- Exercise brief
Would you please transcribe the data in full and exactly, excluding images?

- Given information

________

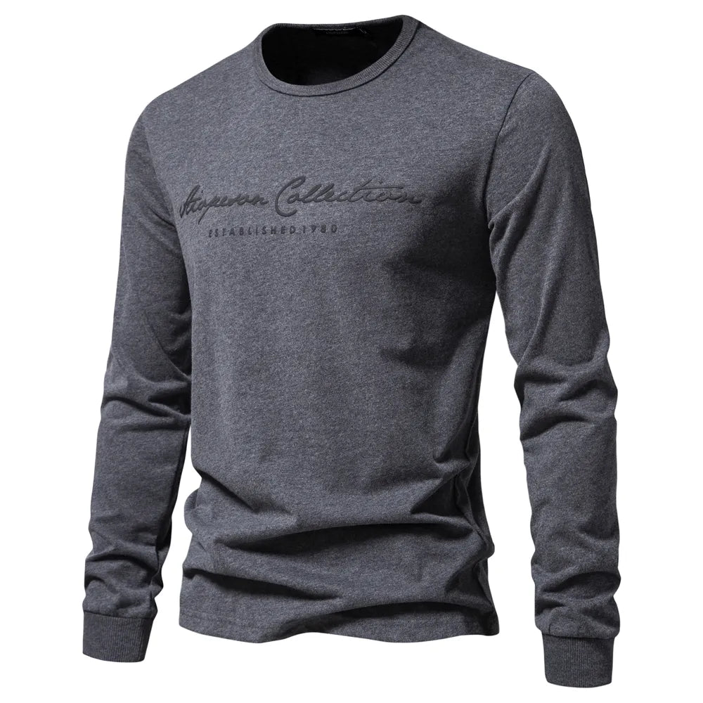 100% Cotton Long Sleeve Men's T-shirt Solid Color Letter Print Casual T shirts for Men New Spring Tops Tee Men Clothing
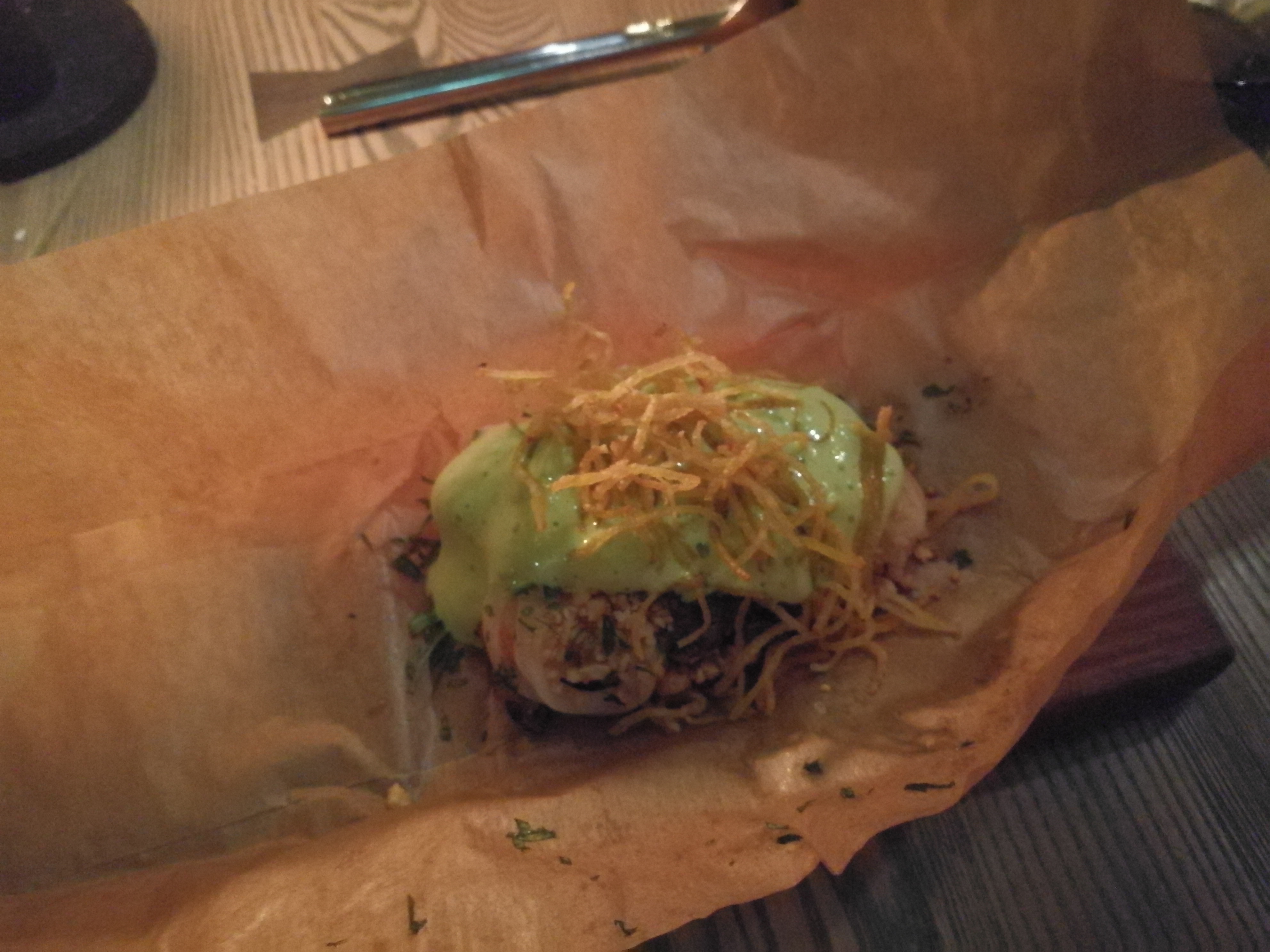 Bakfikan : un tout petit restaurant juste à côté de la place où se trouve le marché, très couru, qui ne sert que des produits de la mer, avec une carte très courte. En entrée, j’ai pris le très classique (et ici très bien exécuté) toast aux crevettes mayonnaise et aneth. En plat, j’ai choisi des crevettes fumées (une nouveauté pour moi, j’ai beaucoup aimé) avec de l’aïoli. Aucun accompagnement prévu, par contre (ni inclus, ni à commander), hormis le pain.
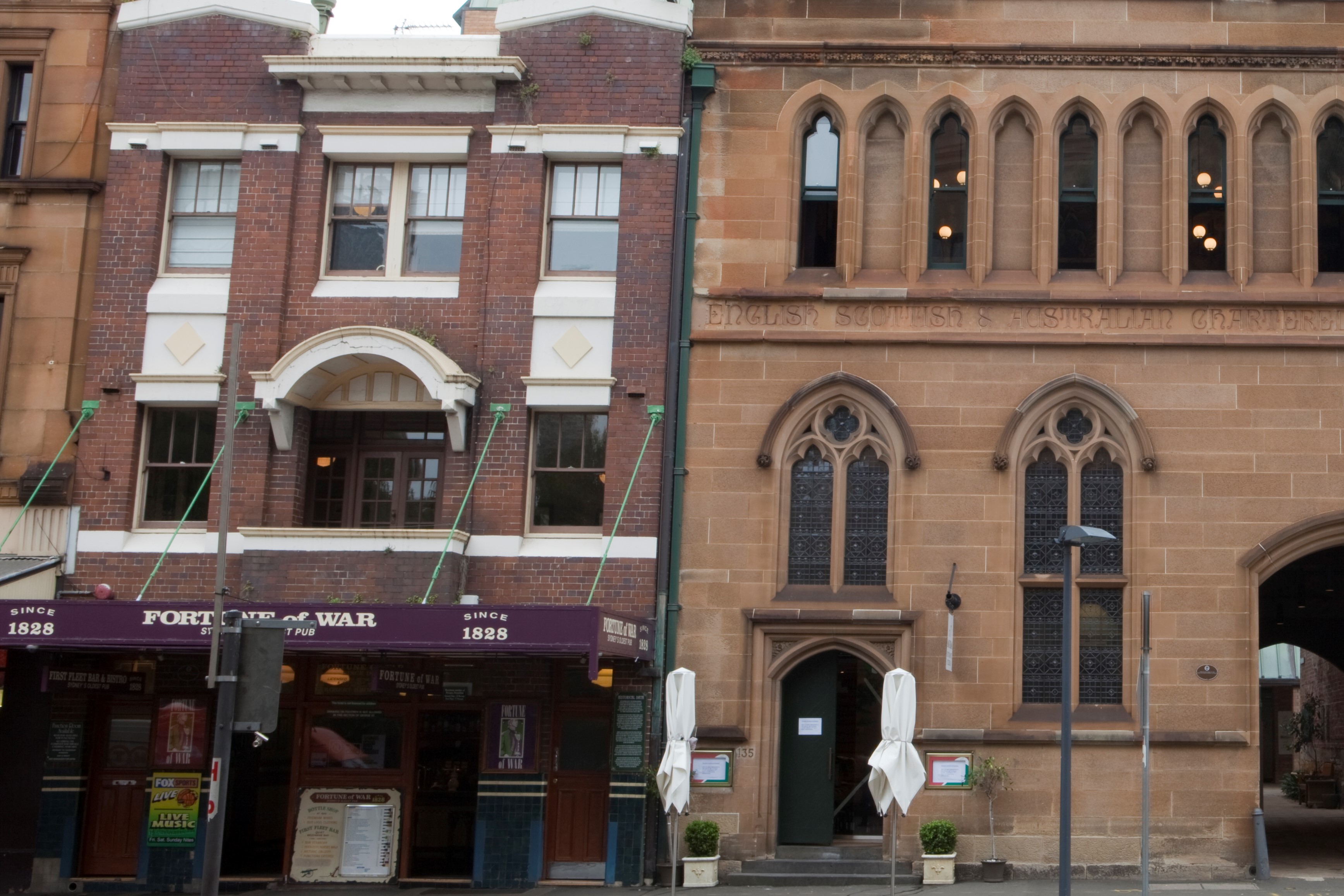 The present Fortune of War Hotel, and to a lesser extent the Russell Hotel, are associated with Tooth & Co, a brewing company that was established in 1835 and ran until 1983. The company took an increasing interest in the construction and operation of hotels from the 1920s.

________

- The answer
 100% Cotton Long Sleeve Men's T-shirt Solid Color Letter Print Casual T shirts for Men New Spring Tops Tee Men Clothing
 Bakfikan : un tout petit restaurant juste à côté de la place où se trouve le marché, très couru, qui ne sert que des produits de la mer, avec une carte très courte. En entrée, j’ai pris le très classique (et ici très bien exécuté) toast aux crevettes mayonnaise et aneth. En plat, j’ai choisi des crevettes fumées (une nouveauté pour moi, j’ai beaucoup aimé) avec de l’aïoli. Aucun accompagnement prévu, par contre (ni inclus, ni à commander), hormis le pain.
 The present Fortune of War Hotel, and to a lesser extent the Russell Hotel, are associated with Tooth & Co, a brewing company that was established in 1835 and ran until 1983. The company took an increasing interest in the construction and operation of hotels from the 1920s.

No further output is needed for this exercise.